After executing S7 or in response to determining in S6 that there is no sheet S on which printing is to be successively performed (S6: No), the controller 100 separates each of the developing rollers 63 from each of the photosensitive drums 61 (S8) so as to end the present processing. In S8, the processing necessary for completing the image formation processing, such as processing for stopping the rotational driving of the photosensitive drums 61 and so on, is performed.
As shown in
In response to determining in S22 that the print mode is not color printing (S22: No), that is, when color printing is switched to monochrome printing, the controller 100 starts the charging bias reduction processing on the chargers 62Y, 62M and 62C for color printing (S30). Specifically, the controller 100 starts the charging bias reduction processing in the early stages of the first inter-sheet period TS1. More specifically, the controller 100 determines, based on information from the sheet sensor SS, whether the first inter-sheet period TS1 has started by determining whether the trailing end of the sheet S printed in the previous print mode has passed the photosensitive drum 61. Then, after it is determined that the first inter-sheet period TS1 has started, the controller 100 starts the charging bias reduction processing at a particular timing.
The controller 100 performs the determination for the first inter-sheet period TS1 and the start of the charging bias reduction processing based on this determination sequentially for each of the colors of Y, M and C. The controller 100 performs, based on the timing at which the first inter-sheet period TS1 starts for each of the colors of Y, M and C, the processing in S31 to S34 described below sequentially for each of the colors of Y, M and C.

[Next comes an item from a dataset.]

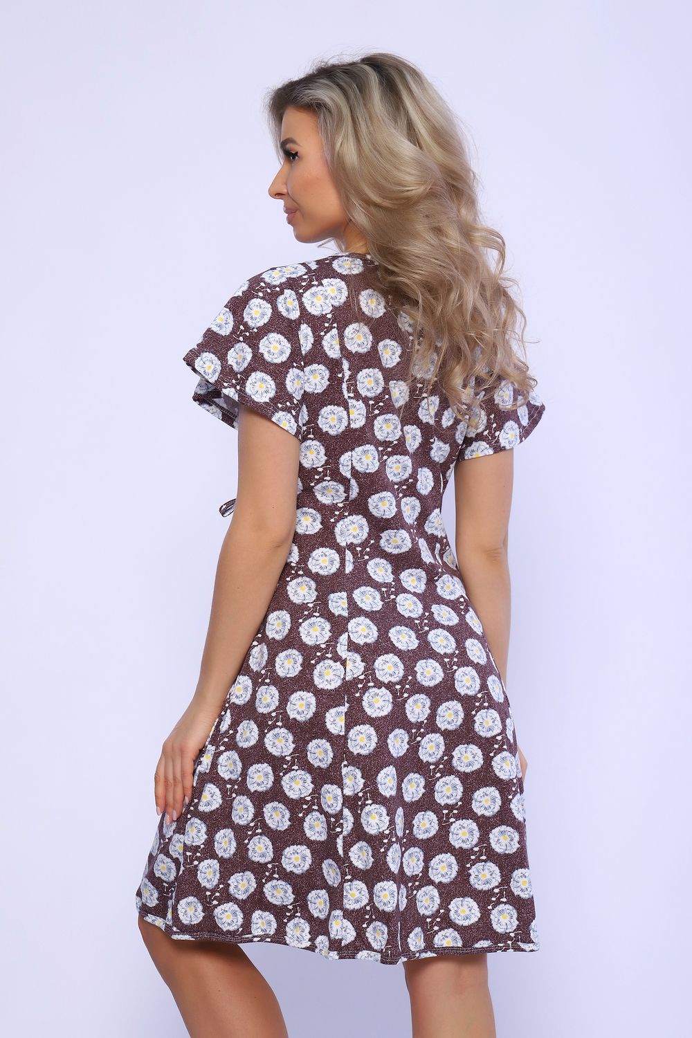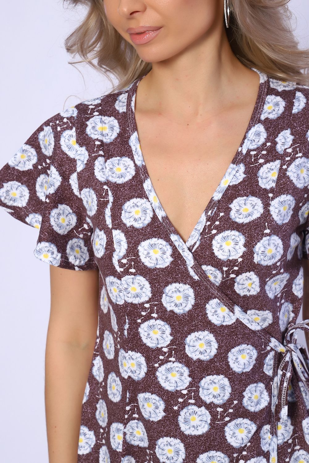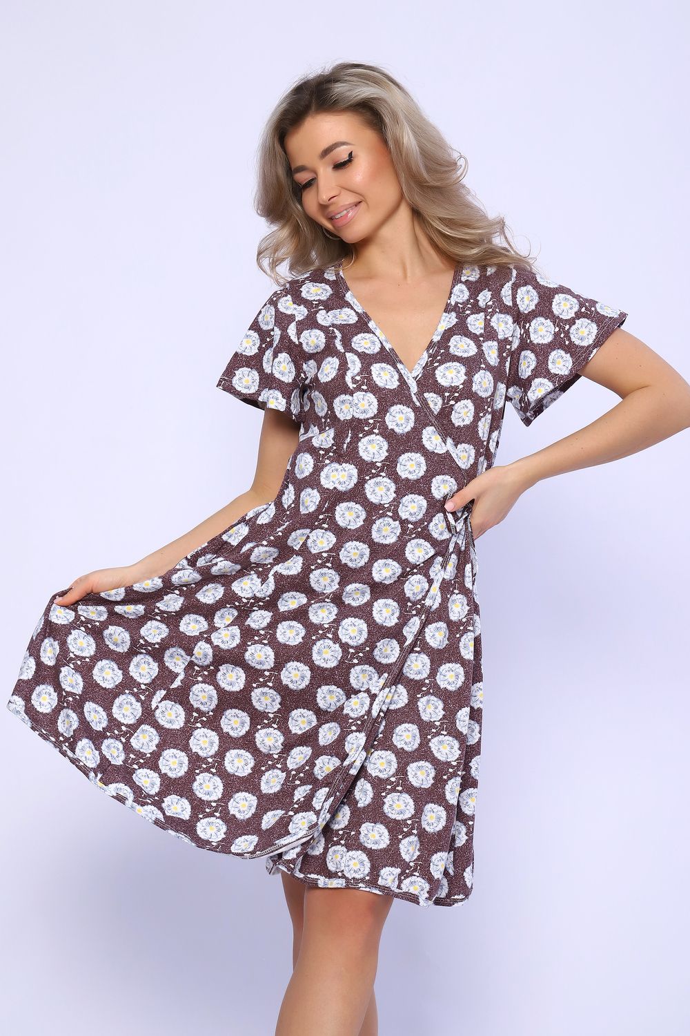 Халат запашной на завязках с рельефами на полочке и спинке. Рукава короткие, свободные. Карманы в боковых швах. Комфортен для повседневной носки.
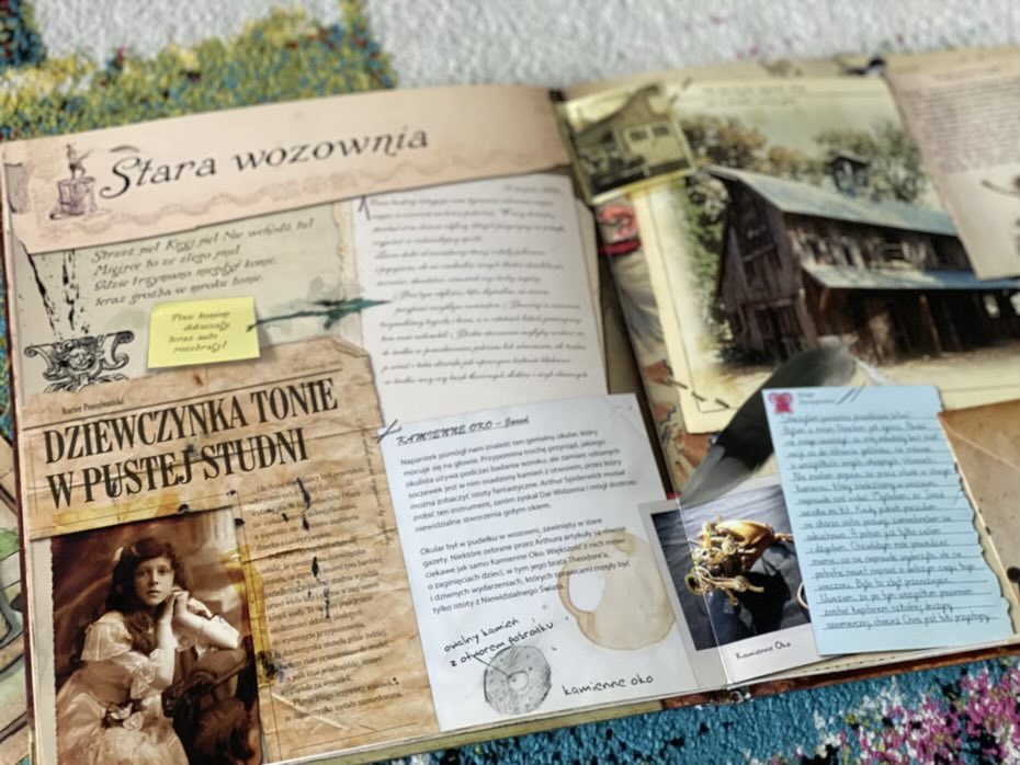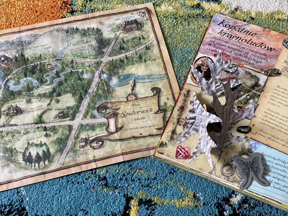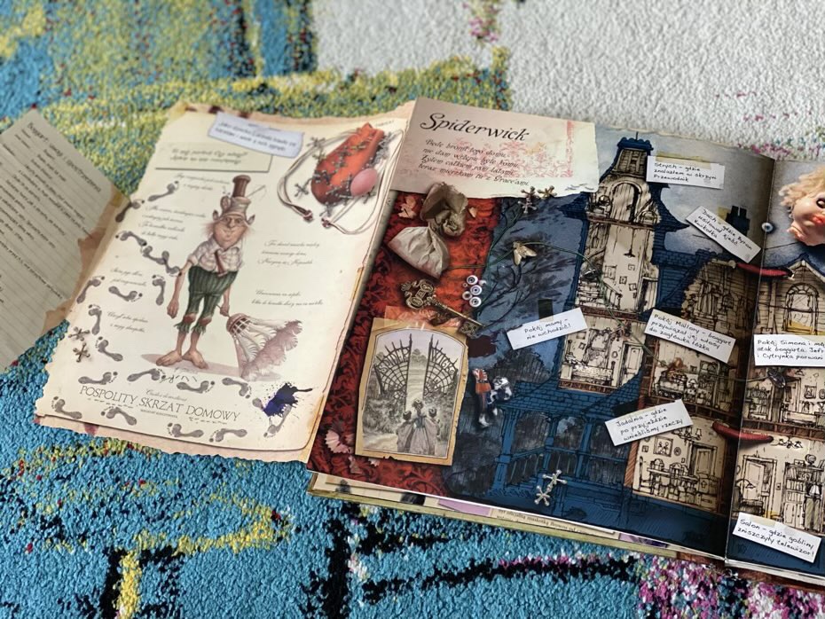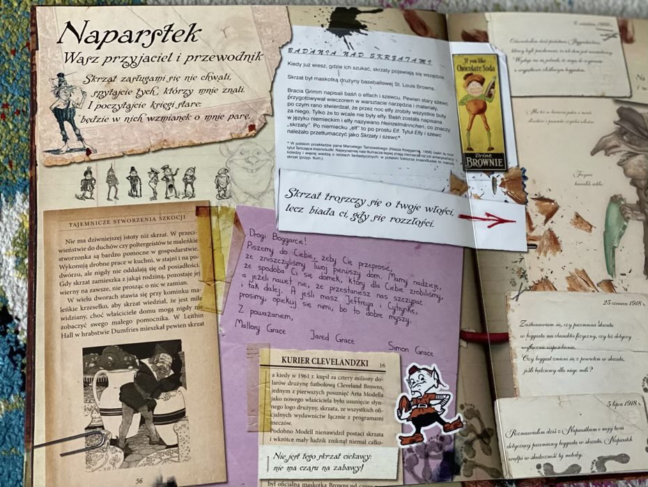 Na stronach znajdziemy kilka fajnych klapek do otwierania i kieszonek, w których można znaleźć rzeczy, takie jak mniejsze książeczki czy mapę Spiderwick i okolic. Niestety, nie potrafię powiedzieć co powinno się znaleźć w niektórych kopertach (brakuje w nich zawartości), gdyż ten egzemplarz kupiłam z drugiej ręki. Adaś przepada za stworkami, potworkami, skrzatami itd., dlatego ten tytuł musiał pojawić się u nas w domu.

After S30, the controller 100 starts the developing bias reduction processing on the developing rollers 63Y, 63M and 63C for color (S31). Specifically, the controller 100 starts the developing bias reduction processing after a first time T11 (see
After starting the developing bias reduction processing in S31 and during the first inter-sheet period TS1, the controller 100 performs the separation processing (S32). Specifically, in S32, the controller 100 performs the separation processing from the start to the completion thereof.
After ending the separation processing in S32 and during the first inter-sheet period TS1, the controller 100 ends the charging bias reduction processing (S33). After ending the charging bias reduction processing in S33 and during the first inter-sheet period TS1, the controller 100 ends the developing bias reduction processing (S34). After S34, the controller 100 performs image formation processing corresponding to the monochrome printing (S28).
In response to determining in S22 that the print mode is color printing (S22: Yes), that is, when monochrome printing is switched to color printing, the controller 100 starts the charging bias increase processing on the chargers 62Y, 62M and 62C for color printing (S23). Specifically, the controller 100 starts the charging bias increase processing in the early stages of the second inter-sheet period TS2. A determination method relating to the second inter-sheet period TS2 is the same as the determination method relating to the first inter-sheet period TS1 described above. After it is determined that the second inter-sheet period TS2 has started, the controller 100 starts the charging bias increase processing at a particular timing.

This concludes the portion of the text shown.